No defiendo que los escritores tengan que rendirnos cuentas, escribir tratados o postularse para alcaldes. Sé bien que el compromiso de quien escribe es, ante todo, con respecto al lenguaje y su tradición, y que es descabellado —incluso peligroso— tratar de reducir una obra literaria a una expresión social o histórica. Lo que planteo es que hay textos que pueden contribuir a la regeneración democrática de nuestras sociedades. Lo que reivindico es a la narrativa como espacio de relación. Una plaza para desvelar lo velado y hacer frente a los relatos de lo unánime y lo uniforme. Creo que algunas novelas, ensayos y crónicas periodísticas nos permiten traspasar las fronteras y reconocer, como ningún otro medio, que cada vida humana cuenta. No importa que sea una adolescente sudafricana o un tenista aficionado.

Cuando hablo de literatura, hablo de textos que son relevantes. Aquellos que amplían nuestro juicio y nos acercan a la complejidad de lo humano. Líneas que se transforman en imágenes y nos hacen pensar sobre lo injusto, lo cruel o lo común. Discernir entre la gravedad y la sonrisa. Levantar la cabeza. Explorar otra verdad. Hablo de obras que nos afectan. Que favorecen el simulacro. Escritos que arriesgan y nos permiten, aunque sea por un solo instante, experimentar la vida a través de los ojos de los demás. Trasladarnos.
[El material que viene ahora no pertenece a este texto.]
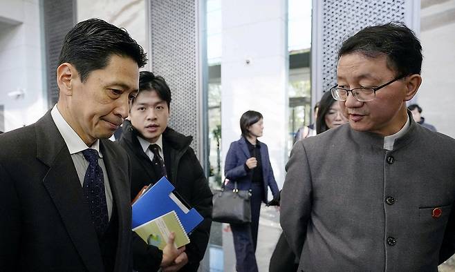 류 사장은 기자들과 만나 협의 결과에 대해 “당연히 만족하지 않는다. (분위기는) 엄중했다”고 말했다. 가나이 국장은 답변을 피했다.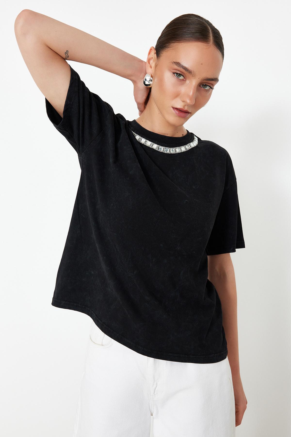 Женская модная новая футболка, черная, из 100% хлопка, с вышивкой под старину, с эффектом выцветания, расслабленная удобная трикотажная футболка с узором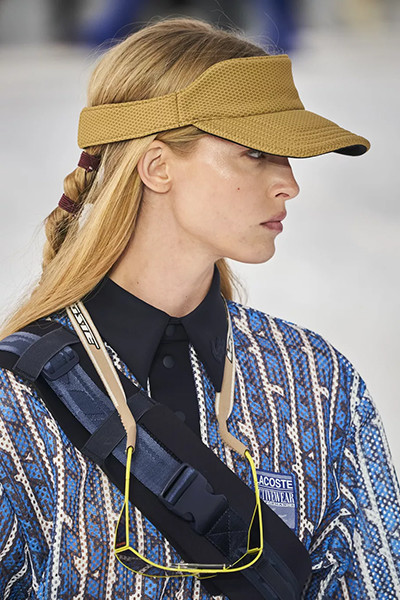 ラコステ 2022年春夏コレクション、三つ編みを2箇所で留めたヘア。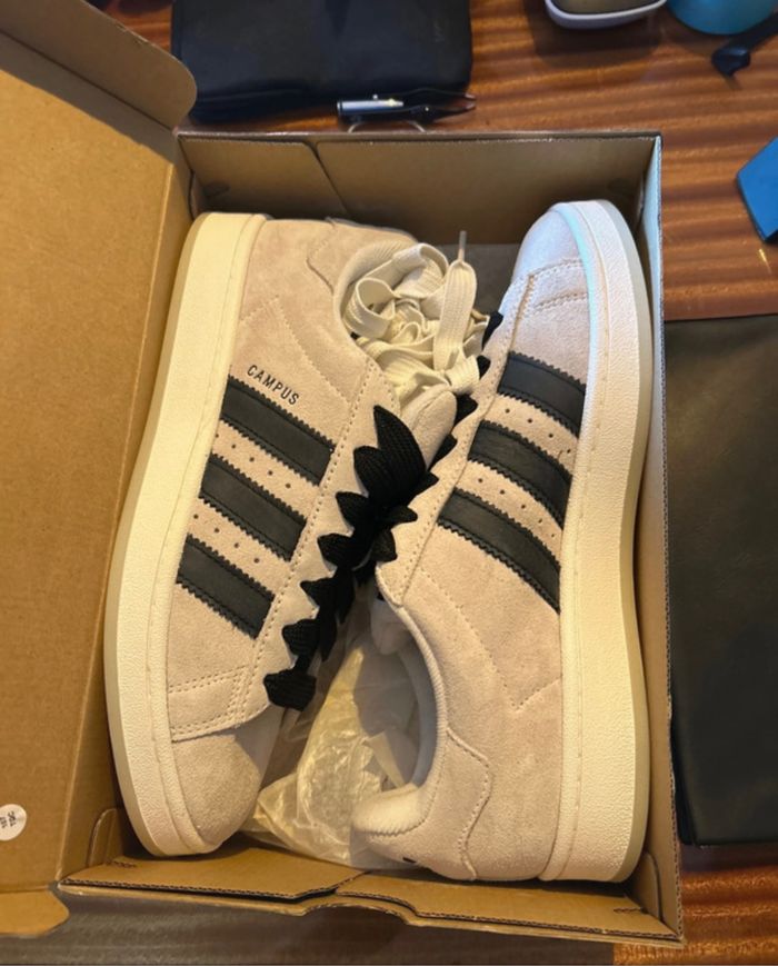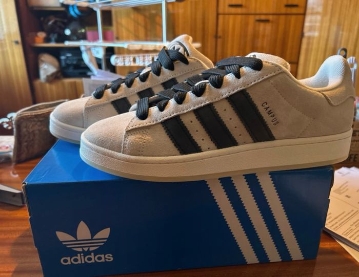 Neuves , jamais portées Campus taille 45 1/3 Grises idéal cadeau de Noël car vendues dans la boite d’origine avec des lacets de rechange Achetées 120 € il y a 2 mois Modèle campus grises 00s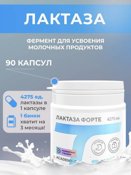 Keywords: Lactase Forte, Academy-T, lactose intolerance, lactase enzyme, dairy digestion, bloating, nausea, stomach cramps, dairy products, milk sugar, lactose supplement, digestive health, calcium, protein, phosphorus, dietary supplement, 90 capsules, 327mg, digestive enzyme.
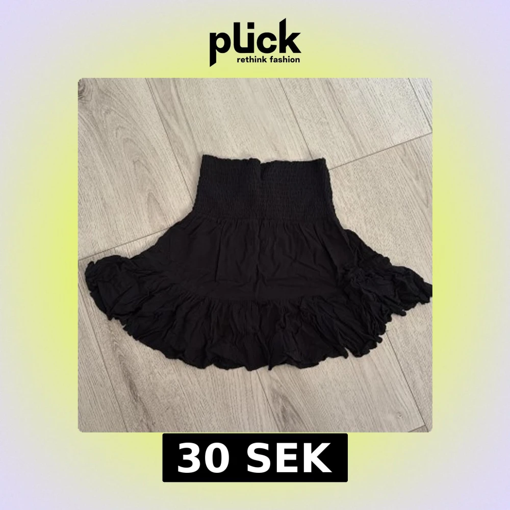 Supersöt svart kortkjol med bred smock i midjan och volangkant nertill. Kjolen har en flowy känsla och passar perfekt till sneakers eller boots. Enkel att styla och riktigt skön att bära.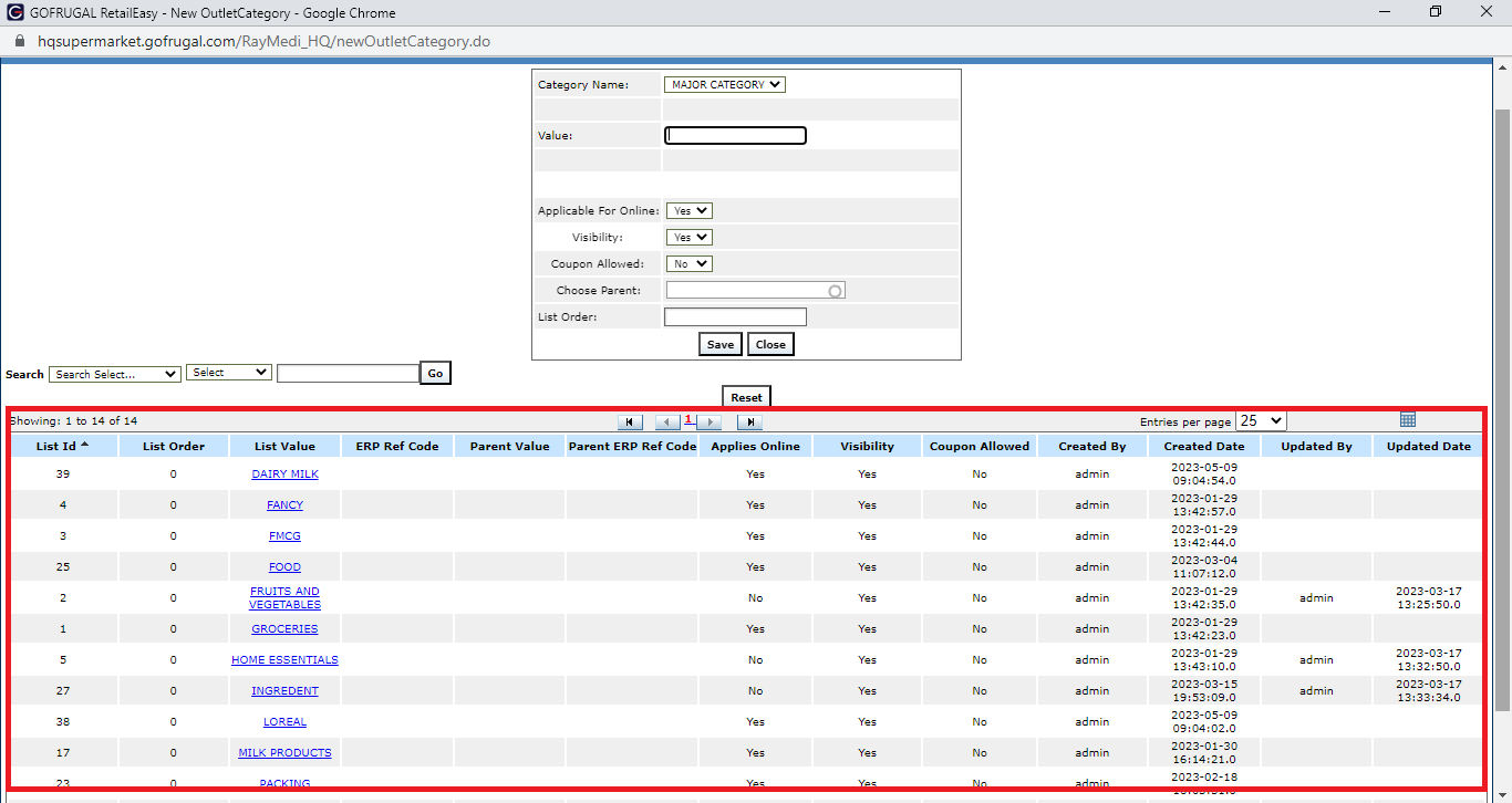 Step 3: Put the new List Value or the category name, Applies Online, Applicable to mobile device, Parent name and Visibility.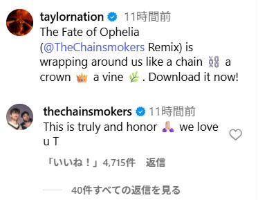 アメリカ出身の大人気 DJ / プロデューサー デュオ The Chainsmokers(ザ・チェインスモーカーズ)が、Taylor Swift(テイラー・スウィフト)が2025年10月にリリースした12枚目のアルバム『The Life of a Showgirl』のリードシングル "The Fate of Ophelia" のリミックスを手掛けた事が明らかになった。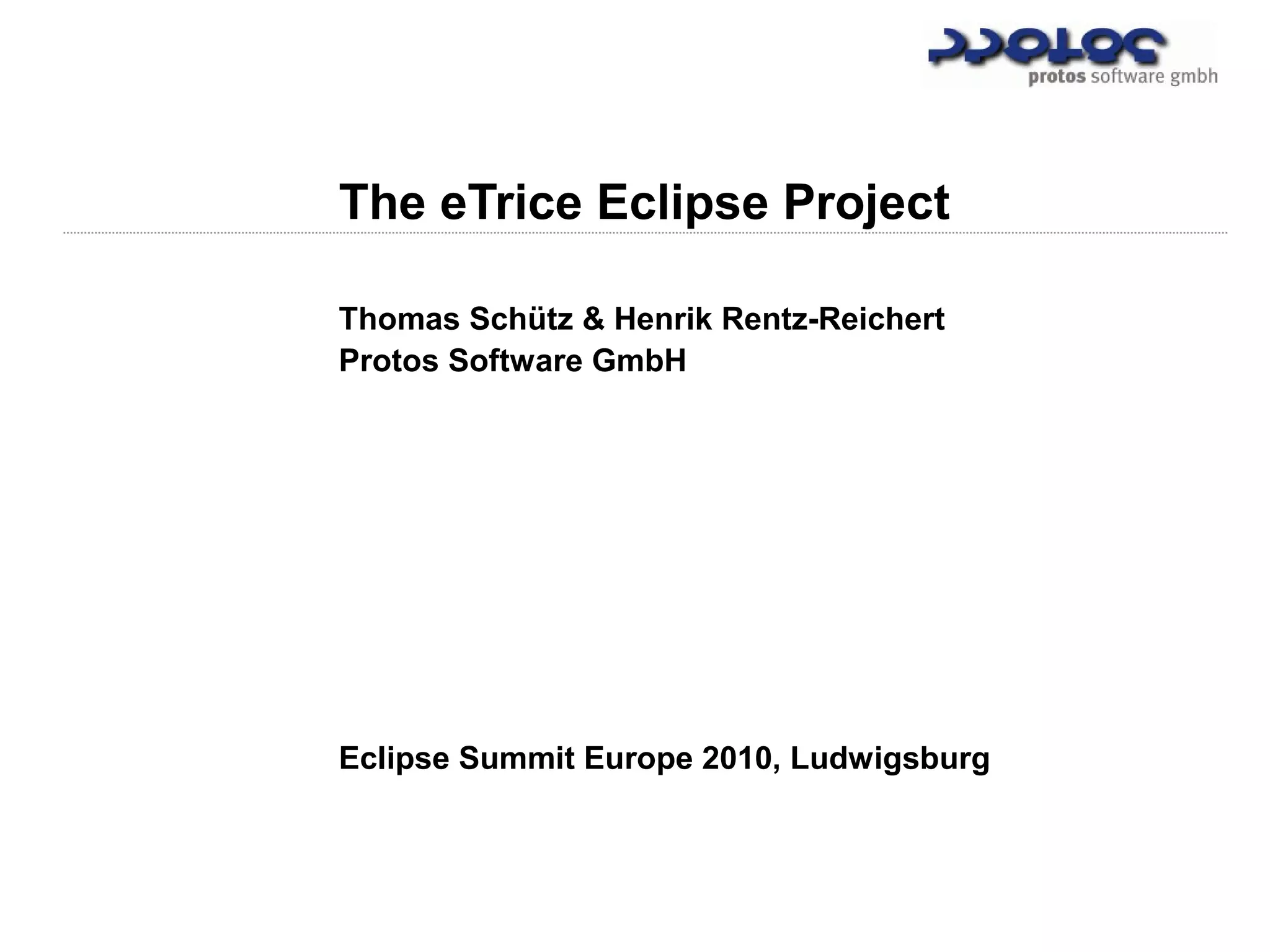 The eTrice Eclipse Project aims to provide modeling tools for embedded systems using the Real Time Object Oriented Modeling (ROOM) language. It will include graphical and textual editors for ROOM, code generators for multiple languages, and debugging support. The project is currently in an incubation phase, with prototypes of ROOM editors and code generation for Java. Future plans include expanding language support and gathering an open source community to contribute to the project.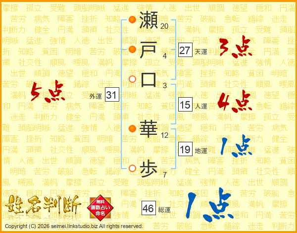 瀬戸口華歩さんの外運は31画の5点!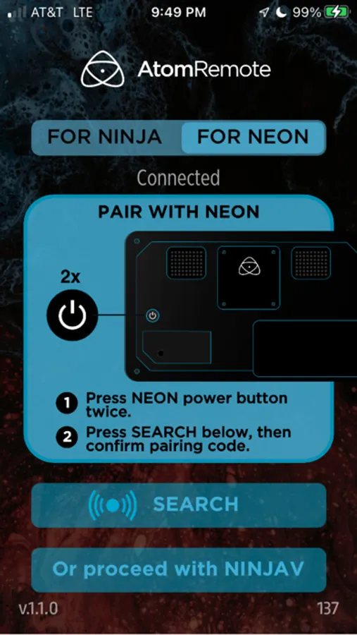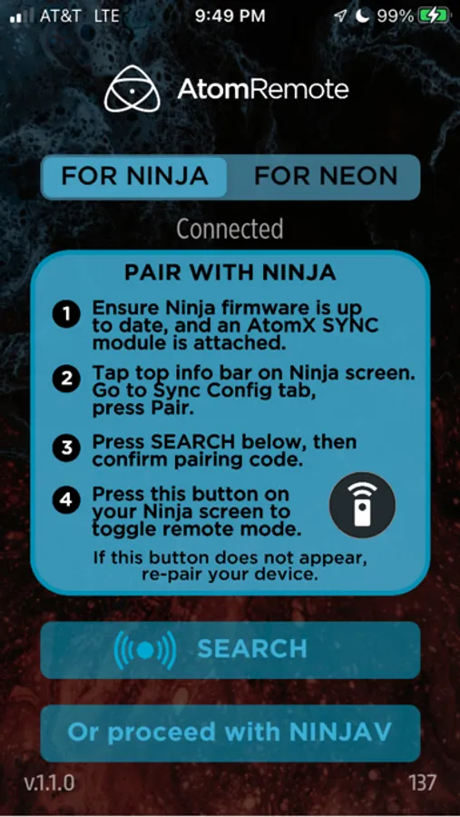 The AtomRemote app provides external controls for ATOMOS devices including the Shogun CONNECT, NEON 17, and NEON 24; as well as the NINJA V and NINJA V+ equipped with the ATOMOS CONNECT accessory or an AtomX SYNC module.

Si este ensayo explora a la literatura como un medio para ajustar cuentas con nuestra contemporaneidad —en la estela de Nietzsche— es porque considero que ésta sigue siendo un dispositivo ético y político privilegiado para liberarnos por un momento de nosotros mismos. Ese respiro no es insignificante, pues gracias a él podemos implicarnos con otros cuerpos. Medir la distancia que nos separa. A diferencia de medios de comunicación más novedosos o populares, el libro nos enseña a estar solos, a compartir silencios. Y creo que el silencio es, en una época de ruido y prejuicios como la nuestra, el principio de toda buena conversación.

NOTAS

1. Luis Buñuel, Mi último suspiro, Barcelona, Debolsillo, 2001, p. 22.

2. Ryszard Kapu´sci´nski, El mundo de hoy, Barcelona, Anagrama, 2011, p. 53.

3. Antonin Artaud, El teatro y su doble, Barcelona, Edhasa, 2011, p. 105.